[Stored items from a collection]
==========

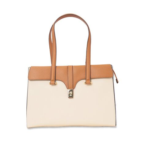 ゴールドの金具使いで綺麗目な雰囲気に仕上げたトートバッグです。肩に掛けやすい平手ハンドルは、荷物が重くても食い込みにくいソフトな質感です。中身の飛び出し防止や防犯面も安心な天ファスナー仕様。すぐに取り出すスマホや手帳等は、フロントのカブセポケットに収納可能です。
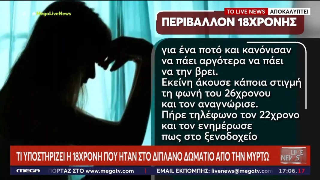 Η 18χρονη που βρισκόταν στο διπλανό δωμάτιο από τη Μυρτώ καταθέτει την εμπειρία της σχετικά με την πολύκροτη υπόθεση που έχει συγκλονίσει την κοινή γνώμη. Η μαρτυρία της φωτίζει άγνωστες πτυχές των γεγονότων, προσφέροντας μια διαφορετική οπτική για το περιστατικό.
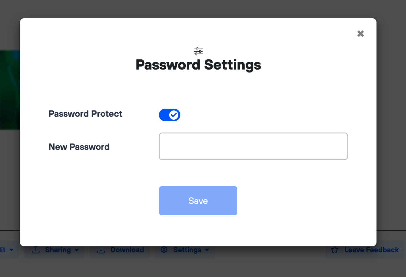 3. Toggle the Password on or off as needed
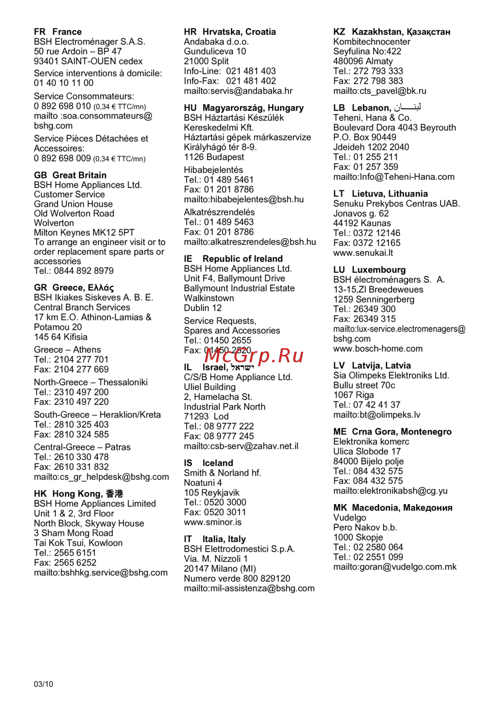 FR France HR Hrvatska Croatia KZ Kazakhstan Казахстан BSH Electroménager S A S 50 rue Ardoin BP 47 93401 SAINT OUEN cedex Andabaka d o o Gunduliceva 10 21000 Split Info Line 021 481 403 Info Fax 021 481 402 mailto servis andabaka hr Kombi technocenter Seyfolina No 422 480096 Almaty Tel 272 793 333 Fax 272 798 383 mailto cts_pavel bk ru Service interventions à domicile 01 40 10 11 00 Service Consommateurs 0 892 698 010 O Î4 TTC mn mailto soa consommateurs bshg com Service Pièces Détachées et Accessoires 0 892 698 009 0 34 TTC mn G B Great Britain BSH Home Appliances Ltd Customer Service Grand Union House Old Wolverton Road Wolverton Milton Keynes MK12 5PT To arrange an engineer visit or to order replacement spare parts or accessories Tel 0844 892 8979 GR Greece EXÀàç BSH Ikiakes Siskeves A B E Central Branch Services 17 km E O Athinon Lamias Potamou 20 145 64 Kifisia Greece Athens Tel 2104 277 701 Fax 2104 277 669 North Greece Thessaloniki Tel 2310 497 200 Fax 2310 497 220 South Greece Heraklion Kreta Tel 2810 325 403 Fax 2810 324 585 Central Greece Patras Tel 2610 330 478 Fax 2610331 832 mailto cs_gr_helpdesk bshg com HK Hong Kong BSH Home Appliances Limited Unit 1 2 3rd Floor North Block Skyway House 3 Sham Mong Road Tai Kok Tsui Kowloon Tel 2565 6151 Fax 2565 6252 mailto bshhkg service bshg com 03 10 HU Magyarorszag Hungary LB Lebanon J BSH Haztartasi KeszLilek Kereskedelmi Kft Haztartasi gepek markaszervize Kiralyhago ter 8 9 1126 Budapest Teheni Hana Co Boulevard Dora 4043 Beyrouth P O Box 90449 Jdeideh 1202 2040 Tel 01 255 211 Fax 01 257 359 mailto lnfo Teheni Hana com Hibabejelentes Tel 01 489 5461 Fax 01 201 8786 mailto hibabejelentes bsh hu Alkatreszrendeles Tel 01 489 5463 Fax 01 201 8786 mailto alkatreszrendeles bsh hu IE Republic of Ireland BSH Home Appliances Ltd Unit F4 Ballymount Drive Ballymount Industrial Estate Walkins town Dublin 12 Service Requests Spares and Accessories Tel 01450 2655 Fax 01450 2520 LT Lietuva Lithuania Senuku Prekybos Centras UAB Jonavos g 62 44192 Kaunas Tel 0372 12146 Fax 0372 12165 www senukai lt LU Luxembourg BSH électroménagers S A 13 15 Z Breedeweues 1259 Senningerberg Tel 26349 300 Fax 26349 315 mailto lux service electromenagers bshg com www bosch home com IL Israel bs w LV Latvija Latvia C S B Home Appliance Ltd Uliel Building 2 Hamelacha SL Industrial Park North 71293 Lod Tel 08 9777 222 Fax 08 9777 245 mailto csb serv zahav neLil Sia Olimpeks Elektroniks Ltd Bullu street 70c 1067 Riga Tel 07 42 41 37 mailto bt olimpeks lv IS Iceland Smith Norland hi Noatuni 4 105 Reykjavik Tel 0520 3000 Fax 0520 3011 www sminor is IT Italia Italy BSH Elettrodomestici S p A Via M Nizzoli 1 20147 Milano Ml Numero verde 800 829120 mailto mil assistenza bshg com ME Crna Gora Montenegro Elektronika komerc Ulica Slobode 17 84000 Bijelo polje Tel 084 432 575 Fax 084 432 575 mailto elektronikabsh cg yu MK Macedonia Македония Vudelgo Pero Nakov b b 1000 Skopje Tel 02 2580 064 Tel 02 2551 099 mailto goran vudelgo com mk
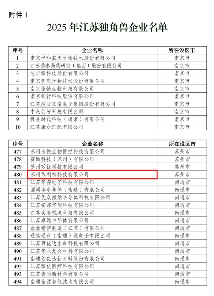 依利特科技榮登2025年江蘇獨(dú)角獸企業(yè)名單
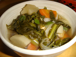 ・昨日の夕食の大根と大根の葉っぱ諸々の煮物(左)
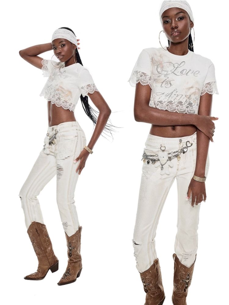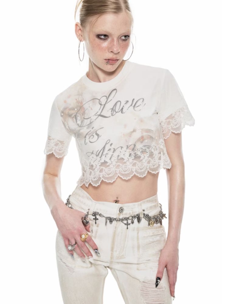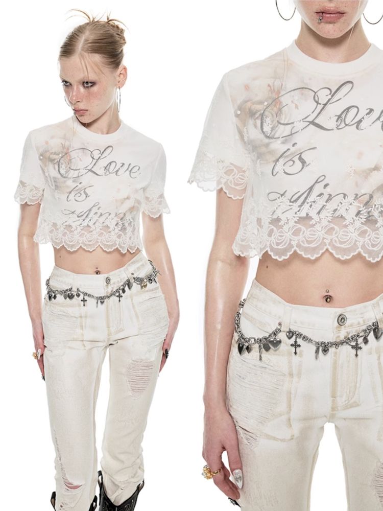 Lace false two pieces splicing short-sleeved T-shirt【s0000009694】

==========

Exercise directions:
The result should be a verbatim copy of the data, free of pictures.

Solution to this exercise:
 ゴールドの金具使いで綺麗目な雰囲気に仕上げたトートバッグです。肩に掛けやすい平手ハンドルは、荷物が重くても食い込みにくいソフトな質感です。中身の飛び出し防止や防犯面も安心な天ファスナー仕様。すぐに取り出すスマホや手帳等は、フロントのカブセポケットに収納可能です。
 Η 18χρονη που βρισκόταν στο διπλανό δωμάτιο από τη Μυρτώ καταθέτει την εμπειρία της σχετικά με την πολύκροτη υπόθεση που έχει συγκλονίσει την κοινή γνώμη. Η μαρτυρία της φωτίζει άγνωστες πτυχές των γεγονότων, προσφέροντας μια διαφορετική οπτική για το περιστατικό.
 3. Toggle the Password on or off as needed
 FR France HR Hrvatska Croatia KZ Kazakhstan Казахстан BSH Electroménager S A S 50 rue Ardoin BP 47 93401 SAINT OUEN cedex Andabaka d o o Gunduliceva 10 21000 Split Info Line 021 481 403 Info Fax 021 481 402 mailto servis andabaka hr Kombi technocenter Seyfolina No 422 480096 Almaty Tel 272 793 333 Fax 272 798 383 mailto cts_pavel bk ru Service interventions à domicile 01 40 10 11 00 Service Consommateurs 0 892 698 010 O Î4 TTC mn mailto soa consommateurs bshg com Service Pièces Détachées et Accessoires 0 892 698 009 0 34 TTC mn G B Great Britain BSH Home Appliances Ltd Customer Service Grand Union House Old Wolverton Road Wolverton Milton Keynes MK12 5PT To arrange an engineer visit or to order replacement spare parts or accessories Tel 0844 892 8979 GR Greece EXÀàç BSH Ikiakes Siskeves A B E Central Branch Services 17 km E O Athinon Lamias Potamou 20 145 64 Kifisia Greece Athens Tel 2104 277 701 Fax 2104 277 669 North Greece Thessaloniki Tel 2310 497 200 Fax 2310 497 220 South Greece Heraklion Kreta Tel 2810 325 403 Fax 2810 324 585 Central Greece Patras Tel 2610 330 478 Fax 2610331 832 mailto cs_gr_helpdesk bshg com HK Hong Kong BSH Home Appliances Limited Unit 1 2 3rd Floor North Block Skyway House 3 Sham Mong Road Tai Kok Tsui Kowloon Tel 2565 6151 Fax 2565 6252 mailto bshhkg service bshg com 03 10 HU Magyarorszag Hungary LB Lebanon J BSH Haztartasi KeszLilek Kereskedelmi Kft Haztartasi gepek markaszervize Kiralyhago ter 8 9 1126 Budapest Teheni Hana Co Boulevard Dora 4043 Beyrouth P O Box 90449 Jdeideh 1202 2040 Tel 01 255 211 Fax 01 257 359 mailto lnfo Teheni Hana com Hibabejelentes Tel 01 489 5461 Fax 01 201 8786 mailto hibabejelentes bsh hu Alkatreszrendeles Tel 01 489 5463 Fax 01 201 8786 mailto alkatreszrendeles bsh hu IE Republic of Ireland BSH Home Appliances Ltd Unit F4 Ballymount Drive Ballymount Industrial Estate Walkins town Dublin 12 Service Requests Spares and Accessories Tel 01450 2655 Fax 01450 2520 LT Lietuva Lithuania Senuku Prekybos Centras UAB Jonavos g 62 44192 Kaunas Tel 0372 12146 Fax 0372 12165 www senukai lt LU Luxembourg BSH électroménagers S A 13 15 Z Breedeweues 1259 Senningerberg Tel 26349 300 Fax 26349 315 mailto lux service electromenagers bshg com www bosch home com IL Israel bs w LV Latvija Latvia C S B Home Appliance Ltd Uliel Building 2 Hamelacha SL Industrial Park North 71293 Lod Tel 08 9777 222 Fax 08 9777 245 mailto csb serv zahav neLil Sia Olimpeks Elektroniks Ltd Bullu street 70c 1067 Riga Tel 07 42 41 37 mailto bt olimpeks lv IS Iceland Smith Norland hi Noatuni 4 105 Reykjavik Tel 0520 3000 Fax 0520 3011 www sminor is IT Italia Italy BSH Elettrodomestici S p A Via M Nizzoli 1 20147 Milano Ml Numero verde 800 829120 mailto mil assistenza bshg com ME Crna Gora Montenegro Elektronika komerc Ulica Slobode 17 84000 Bijelo polje Tel 084 432 575 Fax 084 432 575 mailto elektronikabsh cg yu MK Macedonia Македония Vudelgo Pero Nakov b b 1000 Skopje Tel 02 2580 064 Tel 02 2551 099 mailto goran vudelgo com mk
 依利特科技榮登2025年江蘇獨(dú)角獸企業(yè)名單
 ・昨日の夕食の大根と大根の葉っぱ諸々の煮物(左)
 Lace false two pieces splicing short-sleeved T-shirt【s0000009694】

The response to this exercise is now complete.